# Perdido Bay



## cyd (Mar 24, 2008)

Is there any good fishing in Perdido Bay above the Lillian Bridge? Any spots you could PM me about? Thanks.


----------



## Lost Bay (Oct 18, 2010)

Two things you can do that are winners in Perdido Bay. 

1) Fish the bottom of the pilings at Lillian Bridge. Use dead shrimp pieces and a big weight (1 or 2 oz). Put it on the bottom between the pilings. Get the line tight. And wait for the bumps. Best when the water is moving. On a good day, you will catch Black Drum and Sheephead. Last year I caught a 35 lb black drum there (most however are slot fish).

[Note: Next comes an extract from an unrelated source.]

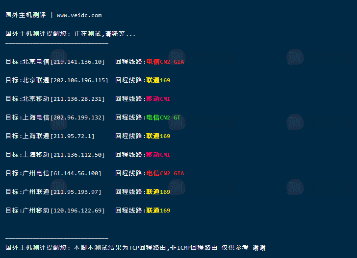 [Info] 测试路由 到 上海电信(天翼云) 中 ... traceroute to 101.227.255.45 (101.227.255.45), 30 hops max, 32 byte packets 1 10.2.46.1 0.17 ms * 局域网 2 96.44.178.209.static.quadranet.com (96.44.178.209) 0.39 ms AS8100 美国, 加利福尼亚州, 洛杉矶, quadranet.com 3 96.44.175.32.static.quadranet.com (96.44.175.32) 0.62 ms AS8100 美国, 加利福尼亚州, 洛杉矶, quadranet.com 4 218.30.48.145 13.11 ms AS4134 美国, 加利福尼亚州, 洛杉矶, chinatelecom.com.cn, 电信 5 59.43.189.33 128.02 ms * 中国, 上海, chinatelecom.com.cn, 电信 6 * 7 202.97.51.242 139.33 ms AS4134 中国, 上海, chinatelecom.com.cn, 电信 8 202.97.50.169 150.21 ms AS4134 中国, 上海, chinatelecom.com.cn, 电信 9 * 10 124.74.166.138 132.75 ms AS4812 中国, 上海, chinatelecom.com.cn, 电信 11 * 12 * 13 * 14 * 15 * 16 * 17 * 18 * 19 * 20 * 21 * 22 * 23 * 24 * 25 * 26 * 27 * 28 * 29 * 30 * [Info] 测试路由 到 上海电信(天翼云) 完成 ! [Info] 测试路由 到 厦门电信CN2 中 ... traceroute to 117.28.254.129 (117.28.254.129), 30 hops max, 32 byte packets 1 10.2.46.1 0.29 ms * 局域网 2 96.44.178.209.static.quadranet.com (96.44.178.209) 29.69 ms AS8100 美国, 加利福尼亚州, 洛杉矶, quadranet.com 3 96.44.175.32.static.quadranet.com (96.44.175.32) 0.51 ms AS8100 美国, 加利福尼亚州, 洛杉矶, quadranet.com 4 218.30.48.145 0.76 ms AS4134 美国, 加利福尼亚州, 洛杉矶, chinatelecom.com.cn, 电信 5 59.43.189.33 129.83 ms * 中国, 上海, chinatelecom.com.cn, 电信 6 59.43.246.213 128.48 ms * 中国, 上海, chinatelecom.com.cn, 电信 7 59.43.138.53 130.98 ms * 中国, 上海, chinatelecom.com.cn, 电信 8 59.43.138.186 152.15 ms * 中国, 福建, chinatelecom.com.cn, 电信 9 * 10 27.148.195.2 151.29 ms AS133775 中国, 福建, 厦门, chinatelecom.com.cn, 电信 11 117.25.141.110 147.34 ms AS133775 中国, 福建, 厦门, chinatelecom.com.cn, 电信 12 117.28.254.129 163.85 ms AS4809 中国, 福建, 厦门, chinatelecom.com.cn, 电信 [Info] 测试路由 到 厦门电信CN2 完成 ! [Info] 测试路由 到 浙江杭州联通 中 ... traceroute to 101.71.241.238 (101.71.241.238), 30 hops max, 32 byte packets 1 10.2.46.1 0.25 ms * 局域网 2 96.44.178.209.static.quadranet.com (96.44.178.209) 0.62 ms AS8100 美国, 加利福尼亚州, 洛杉矶, quadranet.com 3 96.44.175.32.static.quadranet.com (96.44.175.32) 0.52 ms AS8100 美国, 加利福尼亚州, 洛杉矶, quadranet.com 4 96.44.163.152.static.quadranet.com (96.44.163.152) 0.60 ms AS8100 美国, 加利福尼亚州, 洛杉矶, quadranet.com 5 china.unicom (204.152.204.2) 0.89 ms AS8100 美国, 加利福尼亚州, 洛杉矶, quadranet.com 6 207.254.191.89 8.00 ms AS19174 美国, 加利福尼亚州, 洛杉矶, chinaunicom.com, 联通 7 219.158.16.97 143.87 ms AS4837 中国, 北京, chinaunicom.com, 联通 8 219.158.5.198 169.03 ms AS4837 中国, 上海, chinaunicom.com, 联通 9 219.158.113.134 174.54 ms AS4837 中国, 上海, chinaunicom.com, 联通 10 219.158.113.105 167.19 ms AS4837 中国, 上海, chinaunicom.com, 联通 11 219.158.115.146 171.73 ms AS4837 中国, 浙江, 杭州, chinaunicom.com, 联通 12 101.71.244.94 174.56 ms AS4837 中国, 浙江, 杭州, chinaunicom.com, 联通 13 * 14 * 15 * 16 * 17 * 18 * 19 * 20 * 21 * 22 * 23 * 24 * 25 * 26 * 27 * 28 * 29 * 30 * [Info] 测试路由 到 浙江杭州联通 完成 ! [Info] 测试路由 到 浙江杭州移动 中 ... traceroute to 112.17.0.106 (112.17.0.106), 30 hops max, 32 byte packets 1 10.2.46.1 0.23 ms * 局域网 2 96.44.178.209.static.quadranet.com (96.44.178.209) 0.40 ms AS8100 美国, 加利福尼亚州, 洛杉矶, quadranet.com 3 96.44.175.32.static.quadranet.com (96.44.175.32) 3.22 ms AS8100 美国, 加利福尼亚州, 洛杉矶, quadranet.com 4 96.44.163.152.static.quadranet.com (96.44.163.152) 7.02 ms AS8100 美国, 加利福尼亚州, 洛杉矶, quadranet.com 5 223.119.64.245 1.01 ms AS58453 美国, 加利福尼亚州, 洛杉矶, chinamobile.com, 移动 6 223.120.6.17 0.75 ms AS58453 美国, 加利福尼亚州, 洛杉矶, chinamobile.com, 移动 7 223.120.13.46 180.30 ms AS58453 中国, 上海, chinamobile.com, 移动 8 221.183.55.34 182.85 ms AS9808 中国, 上海, chinamobile.com, 移动 9 221.183.25.193 182.87 ms AS9808 中国, 上海, chinamobile.com, 移动 10 221.183.23.25 177.78 ms AS9808 中国, 上海, chinamobile.com, 移动 11 111.24.3.89 177.32 ms AS9808 中国, 上海, chinamobile.com, 移动 12 111.24.3.30 193.82 ms AS9808 中国, 浙江, 杭州, chinamobile.com, 移动 13 * 14 * 15 218.205.87.13 195.69 ms AS56041 中国, 浙江, 杭州, chinamobile.com, 移动 16 * 17 * 18 * 19 * 20 * 21 * 22 * 23 * 24 * 25 * 26 * 27 * 28 * 29 * 30 * [Info] 测试路由 到 浙江杭州移动 完成 ! [Info] 测试路由 到 北京教育网 中 ... traceroute to 202.205.6.30 (202.205.6.30), 30 hops max, 32 byte packets 1 10.2.46.1 0.40 ms * 局域网 2 96.44.178.209.static.quadranet.com (96.44.178.209) 1.80 ms AS8100 美国, 加利福尼亚州, 洛杉矶, quadranet.com 3 96.44.175.34.static.quadranet.com (96.44.175.34) 0.48 ms AS8100 美国, 加利福尼亚州, 洛杉矶, quadranet.com 4 china.unicom (204.152.204.2) 0.81 ms AS8100 美国, 加利福尼亚州, 洛杉矶, quadranet.com 5 207.254.191.121 3.75 ms AS19174 美国, 加利福尼亚州, 洛杉矶, chinaunicom.com, 联通 6 219.158.96.25 144.97 ms AS4837 中国, 北京, chinaunicom.com, 联通 7 219.158.3.145 148.26 ms AS4837 中国, 北京, chinaunicom.com, 联通 8 * 9 * 10 219.158.113.170 175.26 ms AS4837 中国, 上海, chinaunicom.com, 联通 11 211.102.30.15 153.33 ms * 中国, 上海, 电信/教育网/联通 12 101.4.118.114 166.81 ms AS4538 中国, 上海, edu.cn, 教育网 13 101.4.117.30 168.61 ms AS4538 中国, 北京, edu.cn, 教育网 14 101.4.116.118 172.70 ms AS4538 中国, 北京, edu.cn, 教育网 15 101.4.112.69 175.42 ms AS4538 中国, 北京, edu.cn, 教育网 16 101.4.113.110 173.52 ms AS4538 中国, 北京, edu.cn, 教育网 17 219.224.10

2) Go to the mouth of 11 Mile Creek. We caught probably 150 fish there over 2 days last week. Lots of redfish. Some pin fish & Trout. And potentially catfish, grinnels, flounder, tarpon, and more. Live shrimp works best for redfish. Throw at the stumps and hang on. The bigger the shrimp, the bigger the fish.

Let me know what happens.


----------



## cyd (Mar 24, 2008)

*Thanks*

Thanks for the help. It is appreciated.


----------



## Huff (Jan 17, 2008)

Where is 11 mile creek?


----------



## Lost Bay (Oct 18, 2010)

Eleven mile creek is at the northwest corner of perdido bay. It is north of the perdido river and just north of tee and wicker lakes.


----------